----- Exercise data -----

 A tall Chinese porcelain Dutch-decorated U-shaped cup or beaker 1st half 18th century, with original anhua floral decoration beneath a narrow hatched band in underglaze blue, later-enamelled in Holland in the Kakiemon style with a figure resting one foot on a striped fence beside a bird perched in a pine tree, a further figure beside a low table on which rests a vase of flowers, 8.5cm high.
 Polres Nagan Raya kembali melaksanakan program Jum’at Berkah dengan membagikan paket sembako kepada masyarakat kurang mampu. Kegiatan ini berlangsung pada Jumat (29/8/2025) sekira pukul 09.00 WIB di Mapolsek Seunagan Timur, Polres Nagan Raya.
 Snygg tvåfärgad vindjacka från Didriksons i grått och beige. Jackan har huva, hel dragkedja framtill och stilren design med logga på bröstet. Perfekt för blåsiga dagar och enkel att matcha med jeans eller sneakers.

-----
----- Exercise data -----

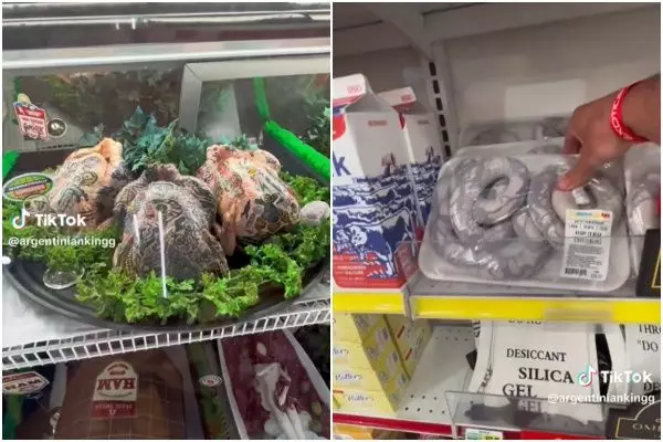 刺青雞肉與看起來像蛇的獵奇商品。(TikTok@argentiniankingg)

-----

◆ Your assignment
Within the listing above, give again exactly every line from the line with "A tall Chinese" through the line with "Polres Nagan Raya kembali", both included, and no other line.

◆ Answer for the task
 A tall Chinese porcelain Dutch-decorated U-shaped cup or beaker 1st half 18th century, with original anhua floral decoration beneath a narrow hatched band in underglaze blue, later-enamelled in Holland in the Kakiemon style with a figure resting one foot on a striped fence beside a bird perched in a pine tree, a further figure beside a low table on which rests a vase of flowers, 8.5cm high.
 Polres Nagan Raya kembali melaksanakan program Jum’at Berkah dengan membagikan paket sembako kepada masyarakat kurang mampu. Kegiatan ini berlangsung pada Jumat (29/8/2025) sekira pukul 09.00 WIB di Mapolsek Seunagan Timur, Polres Nagan Raya.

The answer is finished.